══ Records shown ══

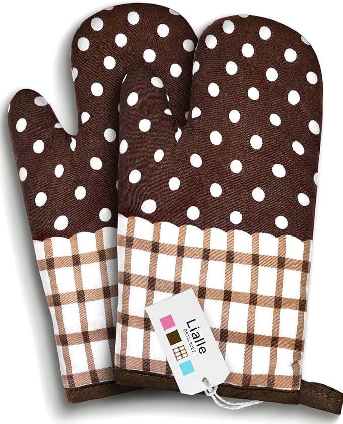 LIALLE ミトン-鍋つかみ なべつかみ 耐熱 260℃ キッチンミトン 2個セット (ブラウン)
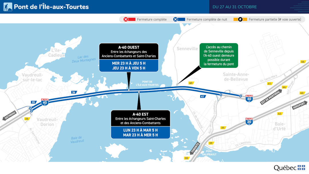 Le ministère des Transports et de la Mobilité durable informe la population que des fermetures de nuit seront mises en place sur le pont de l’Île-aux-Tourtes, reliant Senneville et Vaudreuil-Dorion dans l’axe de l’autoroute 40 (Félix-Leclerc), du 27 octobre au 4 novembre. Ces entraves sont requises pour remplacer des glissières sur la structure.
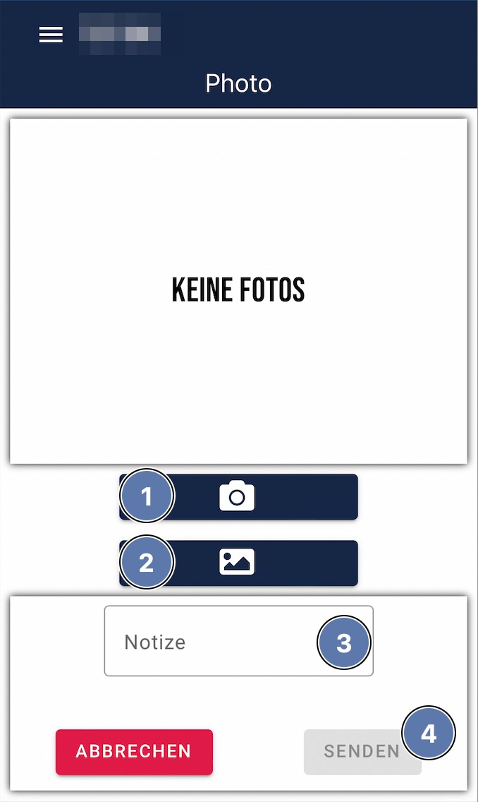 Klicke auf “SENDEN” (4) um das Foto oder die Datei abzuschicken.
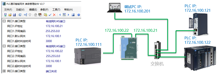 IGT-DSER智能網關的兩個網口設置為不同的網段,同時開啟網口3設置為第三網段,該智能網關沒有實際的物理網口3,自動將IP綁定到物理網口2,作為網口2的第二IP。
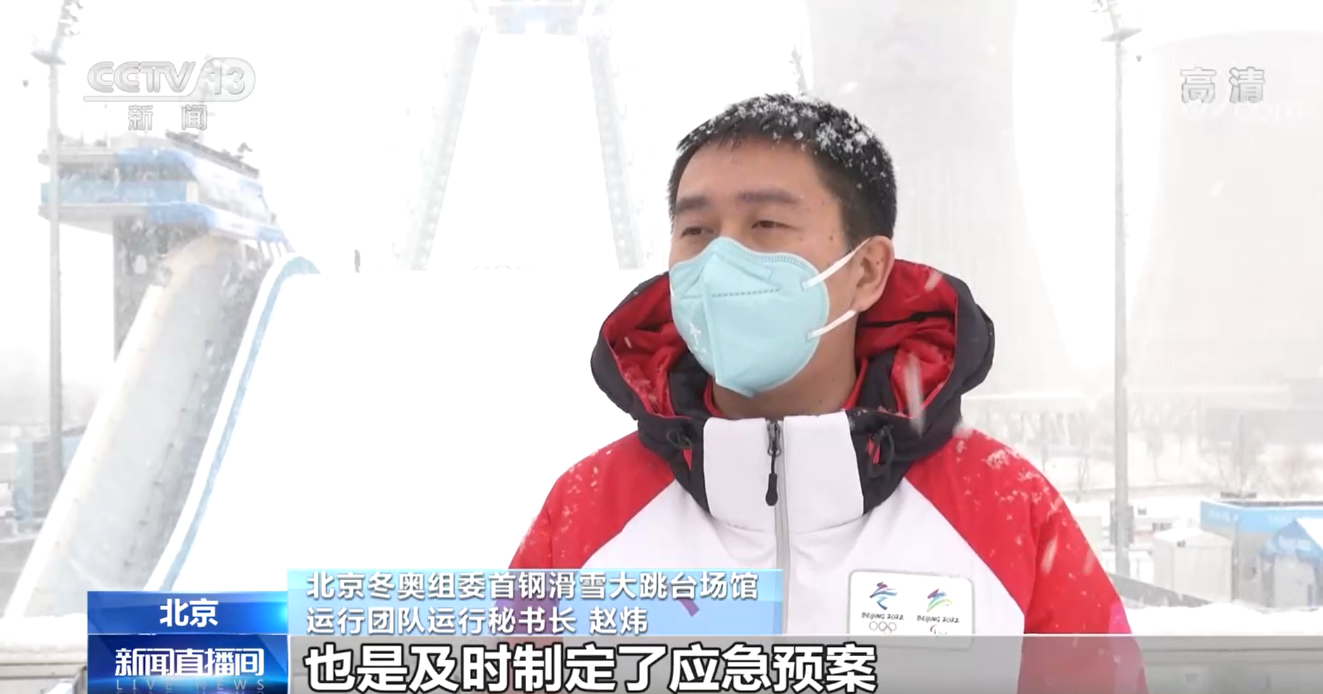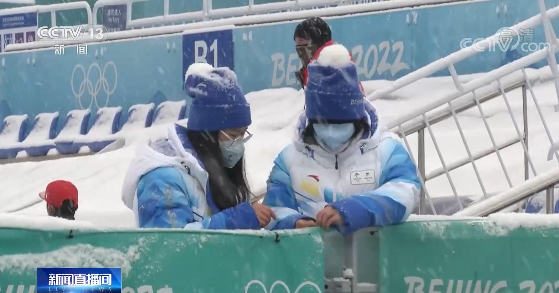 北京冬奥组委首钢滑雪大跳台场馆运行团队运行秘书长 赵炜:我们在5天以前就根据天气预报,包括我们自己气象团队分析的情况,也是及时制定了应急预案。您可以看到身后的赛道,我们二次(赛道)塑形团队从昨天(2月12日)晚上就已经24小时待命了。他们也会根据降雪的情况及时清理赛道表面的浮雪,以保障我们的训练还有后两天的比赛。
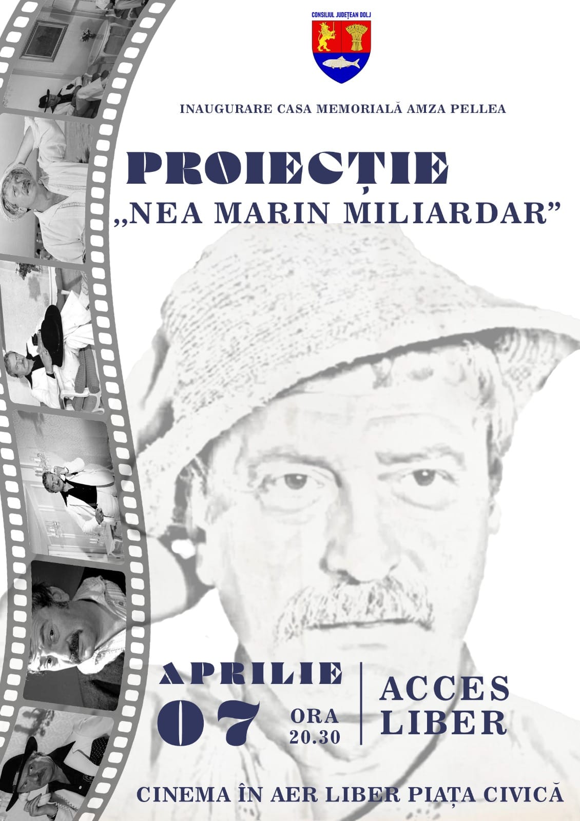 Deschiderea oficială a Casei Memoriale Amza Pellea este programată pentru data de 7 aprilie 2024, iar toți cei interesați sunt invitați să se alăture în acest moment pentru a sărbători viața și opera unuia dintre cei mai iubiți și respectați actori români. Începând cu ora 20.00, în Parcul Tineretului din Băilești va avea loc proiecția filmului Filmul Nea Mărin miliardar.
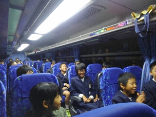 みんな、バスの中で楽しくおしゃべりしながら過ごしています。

═══

# Task statement
With pictures omitted, reproduce exactly the lines from the line containing "die Datei abzuschicken." through the end of the data above.

# Written answer
 Klicke auf “SENDEN” (4) um das Foto oder die Datei abzuschicken.
 IGT-DSER智能網關的兩個網口設置為不同的網段,同時開啟網口3設置為第三網段,該智能網關沒有實際的物理網口3,自動將IP綁定到物理網口2,作為網口2的第二IP。
 北京冬奥组委首钢滑雪大跳台场馆运行团队运行秘书长 赵炜:我们在5天以前就根据天气预报,包括我们自己气象团队分析的情况,也是及时制定了应急预案。您可以看到身后的赛道,我们二次(赛道)塑形团队从昨天(2月12日)晚上就已经24小时待命了。他们也会根据降雪的情况及时清理赛道表面的浮雪,以保障我们的训练还有后两天的比赛。
 Deschiderea oficială a Casei Memoriale Amza Pellea este programată pentru data de 7 aprilie 2024, iar toți cei interesați sunt invitați să se alăture în acest moment pentru a sărbători viața și opera unuia dintre cei mai iubiți și respectați actori români. Începând cu ora 20.00, în Parcul Tineretului din Băilești va avea loc proiecția filmului Filmul Nea Mărin miliardar.
 みんな、バスの中で楽しくおしゃべりしながら過ごしています。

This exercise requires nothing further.